Setting up a supply strategy  In forming a supply strategy, there are four requirements, the first two of which may be considered together:  a general policy on how the organization is to engage with its external activities, accompanied by a suitable strategy for implementing it;  an internal strategy for the role that the purchasing process (and thus the functions associated with it) should play;  a set of specific approaches to managing supply relationships.

Supply policy and strategy  A policy is concerned with clarifying an organization’s position on a specific matter – an articulation of the way it feels about something. In this case, the matter is supply. Directors of the organization may decide that the nature of their business means that they must be very competitive in the supply chain (i.e. in terms of controlling the value-adding process) rather than collaborative. This would be the case where the resources needed for the business (including skills, materials, information, locations, equipment and finance) were scarce and the number of suppliers or subcontractors with whom one might work was high.

 The supply policy might also include meddling with the resources issue – to create scarcity and thus influence the degree of competitiveness or collaboration in the chain.  Other factors come into the policy-making process, such as ethical and environmental issues, social considerations and the nature of the organization, including the constraints on its freedom of action (now discussed under the general title of ‘corporate social responsibility’). This will entail a series of trade-offs, such as the commercial benefits of sourcing in low-labor- cost countries, versus the issue of child labor, which may form a part of the low-cost labor.

 The organizations within a supply chain are both competitors and collaborators. Their operations are interdependent but they must also compete for the available value-adding business from which profit may be made.  In order to develop a supply strategy, it is necessary to have a policy on how the organization should behave in the supply chain, a strategy to implement that policy, an internal strategy for the positioning of the purchasing and supply process, and a set of techniques for managing relationships within the supply chain.
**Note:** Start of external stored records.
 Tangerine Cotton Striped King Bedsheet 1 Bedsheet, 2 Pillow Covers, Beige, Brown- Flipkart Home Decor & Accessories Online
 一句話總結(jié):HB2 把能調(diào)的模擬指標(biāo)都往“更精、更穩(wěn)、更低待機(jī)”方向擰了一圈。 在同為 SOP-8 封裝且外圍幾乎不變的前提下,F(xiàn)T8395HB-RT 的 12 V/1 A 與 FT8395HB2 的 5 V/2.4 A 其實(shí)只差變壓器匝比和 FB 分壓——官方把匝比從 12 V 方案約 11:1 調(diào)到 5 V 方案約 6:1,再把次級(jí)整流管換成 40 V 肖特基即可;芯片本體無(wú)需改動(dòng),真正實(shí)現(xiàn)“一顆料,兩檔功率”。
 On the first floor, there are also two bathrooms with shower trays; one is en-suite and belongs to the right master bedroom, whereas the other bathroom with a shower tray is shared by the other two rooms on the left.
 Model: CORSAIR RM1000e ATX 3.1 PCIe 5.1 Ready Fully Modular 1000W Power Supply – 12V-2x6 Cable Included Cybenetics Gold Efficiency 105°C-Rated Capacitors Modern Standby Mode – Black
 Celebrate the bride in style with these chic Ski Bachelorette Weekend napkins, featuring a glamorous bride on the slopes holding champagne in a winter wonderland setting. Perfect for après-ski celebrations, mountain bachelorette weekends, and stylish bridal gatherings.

 Once policy is set, an overall strategy for supply requirements may be formed. This will include matters such as ‘make or buy’ (or ‘do or buy’), location and alliances. In the first of these, the organization must decide whether or not it wishes to carry out a process itself, or have it done by an outside party. This may be a simple matter of subcontracting (having something done for you that you could do yourself but choose not to) or outsourcing (setting up an external resource that does something for you in which you choose not to become expert). This is clearly fundamental to the organization’s success and is not usually left to traditional supply managers.
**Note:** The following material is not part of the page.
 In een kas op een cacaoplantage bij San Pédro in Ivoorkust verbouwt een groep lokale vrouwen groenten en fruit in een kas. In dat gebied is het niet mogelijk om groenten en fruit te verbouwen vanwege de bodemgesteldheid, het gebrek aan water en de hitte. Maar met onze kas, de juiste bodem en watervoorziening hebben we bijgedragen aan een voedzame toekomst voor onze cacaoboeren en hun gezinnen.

 Policy may lead to the strategies of outsourcing, as we saw earlier. The policy evident in Nintendo and Sega, for example, is that the natural dynamism of their products should not be reduced by heavy corporate inertia. The strategy associated with this is to outsource everything and concentrate on the competence of marketing. They are thus never left with production competencies that are out of date (including the mercurial resource of software writing) and can switch to a new idea with only minimal costs.

Internal strategy for the role of the purchasing process  Having built a strategy for supply itself and a way of understanding the management of sourcing decisions, the supply strategist must decide how purchasing is conducted within the organization. This has two parts: location and process.

The process of purchasing and supply  The purchasing and supply process is one of responding to demand for products and services from within the organization by providing the necessary resources to specification. This involves competences, action and knowledge.